I suggest that small change in the peer store path as a fix. This could open possibilities.

Perhaps there are also other things need to be done to have graceful takeover which I have missed. What do you think ?

Here Node3 should contain same info with Node 1 not Node 2.

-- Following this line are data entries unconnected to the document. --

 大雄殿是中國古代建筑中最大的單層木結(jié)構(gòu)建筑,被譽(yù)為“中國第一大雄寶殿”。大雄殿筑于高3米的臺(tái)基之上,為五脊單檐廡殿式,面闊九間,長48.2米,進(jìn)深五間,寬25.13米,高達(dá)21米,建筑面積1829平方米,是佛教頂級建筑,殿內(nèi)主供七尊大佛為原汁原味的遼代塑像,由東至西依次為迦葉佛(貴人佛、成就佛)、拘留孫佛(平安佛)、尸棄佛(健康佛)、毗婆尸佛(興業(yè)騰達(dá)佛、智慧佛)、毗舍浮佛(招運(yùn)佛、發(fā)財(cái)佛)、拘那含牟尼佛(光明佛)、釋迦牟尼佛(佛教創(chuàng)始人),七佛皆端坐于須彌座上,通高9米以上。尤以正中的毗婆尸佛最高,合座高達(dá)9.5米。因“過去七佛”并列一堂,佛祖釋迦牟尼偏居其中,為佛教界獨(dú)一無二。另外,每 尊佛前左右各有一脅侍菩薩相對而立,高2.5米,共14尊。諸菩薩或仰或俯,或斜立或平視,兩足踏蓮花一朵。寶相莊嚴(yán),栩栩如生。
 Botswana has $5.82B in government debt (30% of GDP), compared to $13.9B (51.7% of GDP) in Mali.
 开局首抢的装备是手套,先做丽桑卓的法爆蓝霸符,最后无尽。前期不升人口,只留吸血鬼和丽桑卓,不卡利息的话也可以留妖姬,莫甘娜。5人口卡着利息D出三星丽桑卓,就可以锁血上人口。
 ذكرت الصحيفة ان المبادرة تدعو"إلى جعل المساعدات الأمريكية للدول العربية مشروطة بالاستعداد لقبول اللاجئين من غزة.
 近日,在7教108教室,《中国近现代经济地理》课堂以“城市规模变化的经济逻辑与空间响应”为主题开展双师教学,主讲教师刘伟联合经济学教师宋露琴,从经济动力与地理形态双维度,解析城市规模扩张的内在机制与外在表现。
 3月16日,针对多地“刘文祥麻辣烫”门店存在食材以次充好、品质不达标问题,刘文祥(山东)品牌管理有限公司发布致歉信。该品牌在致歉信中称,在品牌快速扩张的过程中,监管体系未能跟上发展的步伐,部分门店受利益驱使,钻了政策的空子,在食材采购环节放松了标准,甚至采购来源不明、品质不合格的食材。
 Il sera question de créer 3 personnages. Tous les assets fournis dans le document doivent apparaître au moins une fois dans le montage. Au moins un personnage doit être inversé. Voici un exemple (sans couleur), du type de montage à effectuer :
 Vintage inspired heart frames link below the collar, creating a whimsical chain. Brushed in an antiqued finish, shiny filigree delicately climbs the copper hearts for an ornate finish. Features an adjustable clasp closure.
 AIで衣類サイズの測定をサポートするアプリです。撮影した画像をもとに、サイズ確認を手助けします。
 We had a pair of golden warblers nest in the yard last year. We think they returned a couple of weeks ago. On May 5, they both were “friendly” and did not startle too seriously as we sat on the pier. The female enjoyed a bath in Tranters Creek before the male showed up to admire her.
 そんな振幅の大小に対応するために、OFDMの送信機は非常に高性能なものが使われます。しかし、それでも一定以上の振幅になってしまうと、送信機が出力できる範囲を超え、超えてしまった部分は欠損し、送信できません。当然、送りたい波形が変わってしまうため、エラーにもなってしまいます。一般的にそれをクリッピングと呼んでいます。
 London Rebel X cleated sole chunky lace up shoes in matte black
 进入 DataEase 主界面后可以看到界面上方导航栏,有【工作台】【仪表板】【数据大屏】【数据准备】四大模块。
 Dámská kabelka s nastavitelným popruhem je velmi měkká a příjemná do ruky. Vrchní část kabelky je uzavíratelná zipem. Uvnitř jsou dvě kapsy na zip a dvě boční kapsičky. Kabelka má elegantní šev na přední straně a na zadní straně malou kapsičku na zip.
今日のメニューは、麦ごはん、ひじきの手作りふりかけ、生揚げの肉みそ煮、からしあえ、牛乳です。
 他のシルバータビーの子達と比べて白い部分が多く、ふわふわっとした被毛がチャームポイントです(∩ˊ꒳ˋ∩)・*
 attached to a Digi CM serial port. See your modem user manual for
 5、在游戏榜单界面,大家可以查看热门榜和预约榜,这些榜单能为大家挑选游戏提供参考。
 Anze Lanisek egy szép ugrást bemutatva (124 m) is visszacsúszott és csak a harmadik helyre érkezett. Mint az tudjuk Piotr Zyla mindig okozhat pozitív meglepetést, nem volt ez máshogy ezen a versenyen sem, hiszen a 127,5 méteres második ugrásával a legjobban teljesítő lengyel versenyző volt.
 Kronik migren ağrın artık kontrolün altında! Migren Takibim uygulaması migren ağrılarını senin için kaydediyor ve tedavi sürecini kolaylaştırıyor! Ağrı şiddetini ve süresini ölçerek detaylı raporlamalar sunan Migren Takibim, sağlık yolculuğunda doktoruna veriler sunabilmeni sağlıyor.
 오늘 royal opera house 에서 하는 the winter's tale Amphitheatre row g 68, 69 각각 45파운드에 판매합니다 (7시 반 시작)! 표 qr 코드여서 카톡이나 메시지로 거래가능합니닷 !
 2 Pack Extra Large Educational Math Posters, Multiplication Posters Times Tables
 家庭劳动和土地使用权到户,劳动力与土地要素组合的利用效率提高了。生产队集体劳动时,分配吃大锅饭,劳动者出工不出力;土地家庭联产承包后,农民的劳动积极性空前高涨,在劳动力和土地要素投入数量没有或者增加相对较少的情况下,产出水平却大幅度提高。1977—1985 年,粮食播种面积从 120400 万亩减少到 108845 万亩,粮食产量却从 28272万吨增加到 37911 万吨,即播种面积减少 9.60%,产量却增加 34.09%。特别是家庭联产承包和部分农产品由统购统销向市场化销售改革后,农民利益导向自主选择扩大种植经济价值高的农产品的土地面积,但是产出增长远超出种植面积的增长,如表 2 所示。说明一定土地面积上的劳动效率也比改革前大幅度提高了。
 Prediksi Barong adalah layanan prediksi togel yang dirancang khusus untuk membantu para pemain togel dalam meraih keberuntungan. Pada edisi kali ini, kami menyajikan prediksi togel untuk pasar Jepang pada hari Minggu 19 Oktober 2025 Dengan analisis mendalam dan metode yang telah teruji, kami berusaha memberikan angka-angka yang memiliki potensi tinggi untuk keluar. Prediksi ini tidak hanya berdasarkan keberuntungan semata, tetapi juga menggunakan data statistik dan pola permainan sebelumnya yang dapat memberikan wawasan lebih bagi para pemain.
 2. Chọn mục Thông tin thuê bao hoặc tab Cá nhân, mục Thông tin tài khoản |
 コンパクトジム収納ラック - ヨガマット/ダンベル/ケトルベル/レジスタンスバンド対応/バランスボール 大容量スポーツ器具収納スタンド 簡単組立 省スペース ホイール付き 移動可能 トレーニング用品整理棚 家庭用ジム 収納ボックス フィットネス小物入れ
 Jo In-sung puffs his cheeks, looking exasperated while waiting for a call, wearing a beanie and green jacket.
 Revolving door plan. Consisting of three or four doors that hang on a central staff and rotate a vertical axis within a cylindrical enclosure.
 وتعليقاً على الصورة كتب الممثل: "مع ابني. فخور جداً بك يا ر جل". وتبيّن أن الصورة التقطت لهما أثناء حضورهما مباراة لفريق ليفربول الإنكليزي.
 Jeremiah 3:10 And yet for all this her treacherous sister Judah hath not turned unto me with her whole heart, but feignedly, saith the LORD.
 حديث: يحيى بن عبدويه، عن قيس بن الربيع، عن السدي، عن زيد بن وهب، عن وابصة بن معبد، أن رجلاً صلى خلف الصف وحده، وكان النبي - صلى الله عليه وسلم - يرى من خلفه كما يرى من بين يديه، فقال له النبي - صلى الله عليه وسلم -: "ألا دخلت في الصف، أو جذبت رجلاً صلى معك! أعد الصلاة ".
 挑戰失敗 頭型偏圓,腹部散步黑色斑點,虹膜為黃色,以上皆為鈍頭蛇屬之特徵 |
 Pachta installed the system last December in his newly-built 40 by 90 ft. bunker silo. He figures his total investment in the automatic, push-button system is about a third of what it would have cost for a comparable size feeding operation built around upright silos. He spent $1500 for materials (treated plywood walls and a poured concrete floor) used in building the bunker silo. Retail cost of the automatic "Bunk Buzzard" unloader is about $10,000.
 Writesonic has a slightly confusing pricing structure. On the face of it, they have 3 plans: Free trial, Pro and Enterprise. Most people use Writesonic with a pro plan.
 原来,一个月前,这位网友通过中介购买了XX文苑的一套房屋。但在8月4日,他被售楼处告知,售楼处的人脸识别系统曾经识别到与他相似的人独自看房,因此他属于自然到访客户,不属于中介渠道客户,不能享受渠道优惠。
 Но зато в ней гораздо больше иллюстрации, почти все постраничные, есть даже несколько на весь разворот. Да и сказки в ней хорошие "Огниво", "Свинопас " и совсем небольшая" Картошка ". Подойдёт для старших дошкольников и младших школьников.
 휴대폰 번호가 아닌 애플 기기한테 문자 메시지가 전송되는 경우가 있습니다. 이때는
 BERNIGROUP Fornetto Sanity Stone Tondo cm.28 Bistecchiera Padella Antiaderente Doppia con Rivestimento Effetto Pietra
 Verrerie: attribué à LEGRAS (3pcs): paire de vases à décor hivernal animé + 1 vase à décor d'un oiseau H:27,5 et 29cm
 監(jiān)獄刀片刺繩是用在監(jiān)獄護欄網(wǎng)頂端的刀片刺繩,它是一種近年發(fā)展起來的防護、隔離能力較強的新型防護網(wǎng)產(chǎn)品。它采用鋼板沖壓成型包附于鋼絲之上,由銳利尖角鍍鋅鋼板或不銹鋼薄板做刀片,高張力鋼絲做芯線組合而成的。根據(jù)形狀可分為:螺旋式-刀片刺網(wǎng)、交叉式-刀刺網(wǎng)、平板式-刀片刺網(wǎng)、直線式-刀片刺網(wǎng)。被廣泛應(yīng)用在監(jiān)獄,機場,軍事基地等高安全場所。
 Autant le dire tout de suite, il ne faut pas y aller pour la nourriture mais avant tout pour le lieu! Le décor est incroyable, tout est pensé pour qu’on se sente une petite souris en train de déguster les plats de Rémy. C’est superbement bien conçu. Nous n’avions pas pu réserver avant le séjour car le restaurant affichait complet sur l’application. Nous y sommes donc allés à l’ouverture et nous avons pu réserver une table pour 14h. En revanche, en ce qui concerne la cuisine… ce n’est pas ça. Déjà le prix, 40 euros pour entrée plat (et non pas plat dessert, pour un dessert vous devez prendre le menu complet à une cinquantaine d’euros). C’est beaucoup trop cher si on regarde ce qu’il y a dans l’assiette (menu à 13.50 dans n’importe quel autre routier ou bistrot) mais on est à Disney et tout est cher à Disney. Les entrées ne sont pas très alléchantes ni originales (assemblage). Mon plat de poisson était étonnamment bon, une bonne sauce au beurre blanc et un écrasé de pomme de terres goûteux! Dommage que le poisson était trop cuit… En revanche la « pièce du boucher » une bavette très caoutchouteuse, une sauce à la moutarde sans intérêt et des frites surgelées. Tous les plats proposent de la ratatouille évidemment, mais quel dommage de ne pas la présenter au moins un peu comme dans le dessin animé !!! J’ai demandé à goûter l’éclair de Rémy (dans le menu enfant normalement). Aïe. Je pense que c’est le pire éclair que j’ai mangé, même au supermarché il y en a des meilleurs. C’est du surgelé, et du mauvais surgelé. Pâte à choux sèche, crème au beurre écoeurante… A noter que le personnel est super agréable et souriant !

romanzac commented 3 weeks ago

Results with Node 1 being killed after its backup - Node 3 has started:

Before:

DEBUG    test_peer_store:test_peer_store.py:81 Node 1 peerID 16Uiu2HAmGNtM2rQ8abySFNhqPDFY4cmfAEpfo9Z9fD3NekoFR2ip
DEBUG    test_peer_store:test_peer_store.py:82 Node 2 peerID 16Uiu2HAmKR1pRT4DbSvHbuhp6cCwame9WTRuqw7wfywnTmijgt86
DEBUG    test_peer_store:test_peer_store.py:83 Node 1 connected peers before [{'multiaddr': '/ip4/172.18.233.183/tcp/21203/p2p/16Uiu2HAmKR1pRT4DbSvHbuhp6cCwame9WTRuqw7wfywnTmijgt86', 'protocols': [{'protocol': '/vac/waku/relay/2.0.0', 'connected': True}]}]
DEBUG    test_peer_store:test_peer_store.py:84 Node 2 connected peers before [{'multiaddr': '/ip4/172.18.75.179/tcp/60540/p2p/16Uiu2HAmGNtM2rQ8abySFNhqPDFY4cmfAEpfo9Z9fD3NekoFR2ip', 'protocols': [{'protocol': '/vac/waku/relay/2.0.0', 'connected': True}]}]

After:

DEBUG    test_peer_store:test_peer_store.py:93 Node 2 connected peers after [{'multiaddr': '/ip4/172.18.75.179/tcp/60540/p2p/16Uiu2HAmGNtM2rQ8abySFNhqPDFY4cmfAEpfo9Z9fD3NekoFR2ip', 'protocols': [{'protocol': '/vac/waku/relay/2.0.0', 'connected': False}]}]
DEBUG    test_peer_store:test_peer_store.py:94 Node 3 connected peers after [{'multiaddr': '/ip4/172.18.75.179/tcp/60540/p2p/16Uiu2HAmGNtM2rQ8abySFNhqPDFY4cmfAEpfo9Z9fD3NekoFR2ip', 'protocols': [{'protocol': '/vac/waku/relay/2.0.0', 'connected': False}]}]
SionoiS commented 3 weeks ago

Ah I understand now! Yes that would be a bug for sure. At least we know it does not work...

romanzac commented 3 weeks ago

Ah I understand now! Yes that would be a bug for sure. At least we know it does not work...

Let me know, if I can help to test anything related to this issue in the meantime.